Раз как-то, когда я собиралась на бал, Дуняша, горничная, спалила мне кружева, дорогую вещь. Я рассердилась и в сердцах погрозила ее прогнать: большая глупость, потому что я не могла этого сделать, и она мне сказала это в глаза. Это был первый раз, что она осмелилась мне намекнуть на мое унижение, и я, конечно, умнее бы сделала, если бы стерпела. Спровадить ее из дома было нетрудно. Она воровала белье у маман, и я могла бы ее подвесть так, что она никогда не узнала бы после, кому этим обязана. Но я очень вспыльчива, и когда она это сказала, не помню уж, что со мной сделалось. Помню только, что я не дала ей кончить и что она убежала из комнаты вся исцарапанная, с красным опухшим лицом. Маман не было дома, но я этим не много выиграла… Няня моя прибежала ко мне испуганная… «Барышня! Что вы наделали? Зачем прибили Дуняшку? Беда! Послушайте-ка, что там идет, на кухне, и как эта сквернавка божится, что донесет обо всем Анне Павловне!»
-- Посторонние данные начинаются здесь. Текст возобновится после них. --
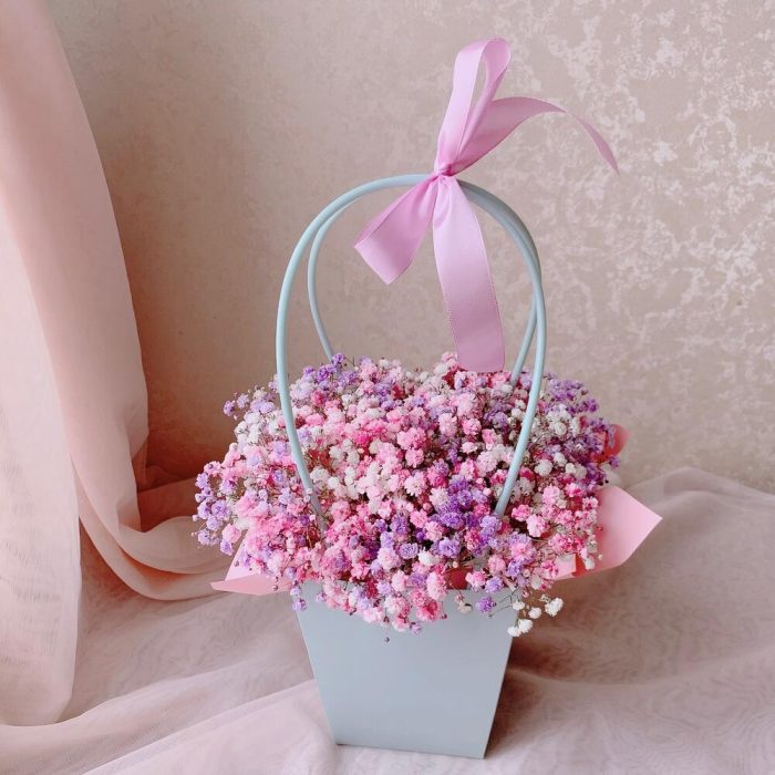 Лента атласная – 1 шт.Сумочка – 1 шт.Флористическая губка – 1 шт.радужная гипсофила – 5 шт.
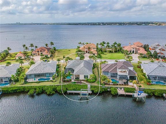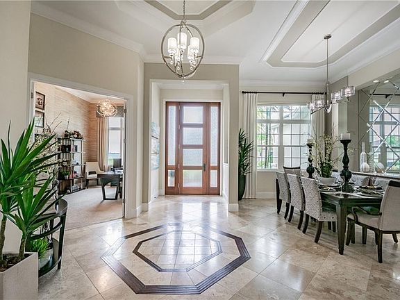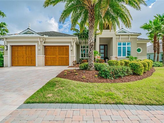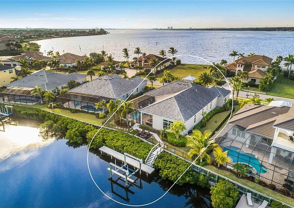 Live the Florida luxury lifestyle in this gorgeous former model home in the gated boating community of The Reserve at Harbour Walk within The Inlets. This estate has all the bells & whistles and will not disappoint! Situated on a deep saltwater canal that is less than 2 minutes away from open water, this home is a boater's dream - an extended dock w/water & electric and a 10,000lb boat lift. This estate features soaring 12 foot ceilings, crown molding throughout the entire house, tray ceilings, coffered ceilings, 7" baseboards, central vacuum, and many built-ins. This home also features incredibly durable hurricane impact windows and doors throughout. No hurricane shutters required! The kitchen features tall, double stacked hardwood cabinets; a center island with a sink, gas cooktop w/pot-filler feature, Thermador appliances, & a built-in desk. Other details include travertine flooring w/wood inlays, dry bar, oversized garage, brick pavers, LED landscape lighting, video surveillance, a large laundry room & more. This professionally decorated coastal contemporary home is built on an amazing lot that is not only elevated, but it is a deep lot to accommodate this one-story estate. After a great day on your boat, you can enjoy watching wildlife & manatees in the saltwater canal while enjoying the cozy firepit in your fenced backyard-steps away from your boat. This rare, gated boating community is just 5 minutes from I-75 -convenient to shopping, restaurants, the beaches, Tampa, St. Pete & Sarasota airports.
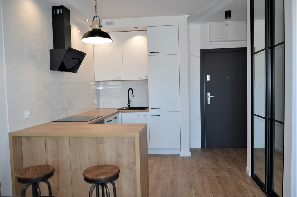 A comfortable 2-room apartment for rent in a modern apartment building – at ul. Strzelecka in Szczecin. The building is equipped with two silent elevators, the facility is monitored. The offered apartment is located on the 3rd floor and has an area of 37.42 m 2 – which consists of a living room with a kitchenette (exit to the balcony), a bedroom, a hall, a bathroom with a toilet. The apartment is finished to a high standard, all rooms in the apartment from the living room to the bedroom and ending with the bathroom are kept in a Scandinavian style. In the part of the kitchenette, furniture with complete equipment (dishwasher, dishes, pots, etc.), the kitchen is separated from the living room by a functional bar, in this room there is also a wardrobe with mirrors. In the part of the room – a sofa (fold-out), a chest of drawers, a TV set, a coffee table. Bedroom comfortable bed (good quality mattress), large built-in wardrobe. Bathroom in tasteful tiles and terracotta with a shower, washing machine. In addition, the owner made sure that the tenants felt comfortable and equipped the apartment with accessories and everyday utensils, such as an iron and ironing board, an electric kettle, a vacuum cleaner. There is a comfortable utility room next to the apartment. The cost of renting PLN 2,500 + rent due to the Administrator and utilities. Deposit PLN 4,000. The apartment is free from August 1, 2023. Smoking is not allowed in the apartment. Offer for people without pets. Lease contract for at least one year, We recommend .
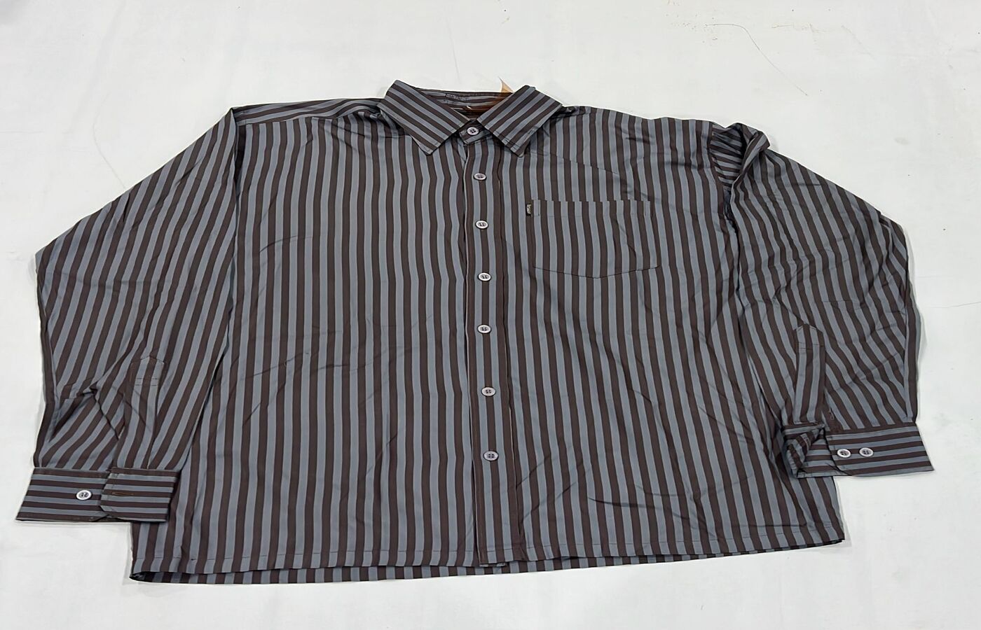 This elegant grey-brown vertical striped shirt offers a refined balance of comfort and style, made from a soft breathable fabric that drapes well for everyday or business wear

Тогда только я опомнилась, и мы с няней стали советоваться, что делать. Няня советовала сейчас заплатить Дуняшке, чтобы она молчала, но, на беду, у меня в портмоне нашлось всего два рубля, а покуда няня бегала в сундук за своими, маман вернулась, и первая, кого она встретила, была эта девчонка со своим ужасным лицом. Она нарочно не вымылась, чтобы произвести полный эффект. Я ожидала немедленной катастрофы, но ошиблась. Маман заперлась с Дуняшей и долго ее допрашивала, потом кликнула няню. Няня не выдержала и покаялась во всем. Я, в страхе, ждала своей очереди, но маман не позвала меня к себе в этот день. Должно быть, она догадывалась, что мне тоже известны ее грешки, и ей было стыдно. На другой день, поутру, она пришла ко мне рано, прежде чем я успела встать, и села возле моей постели. Я спрятала от нее лицо в подушку и сделала вид, будто плачу, но я не плакала. Мне было только ужасно стыдно, и я боялась, чтобы меня не отослали в семью, как маман иногда грозила, когда была на меня очень сердита за что-нибудь. Представьте же мое удивление, когда я вдруг почувствовала, что маман обнимает меня. Мне стало сперва немножко смешно, но тем не менее я была тронута, особенно когда я увидела, что она плачет. «Бедное дитя! – проговорила она по-французски. – Бедная! Бедная, заблудшая по моей вине! Я не сдержала клятвы, которую я дала Богу, заменить тебе мать… Прости меня! Я больше перед тобой виновата, чем ты передо мной…»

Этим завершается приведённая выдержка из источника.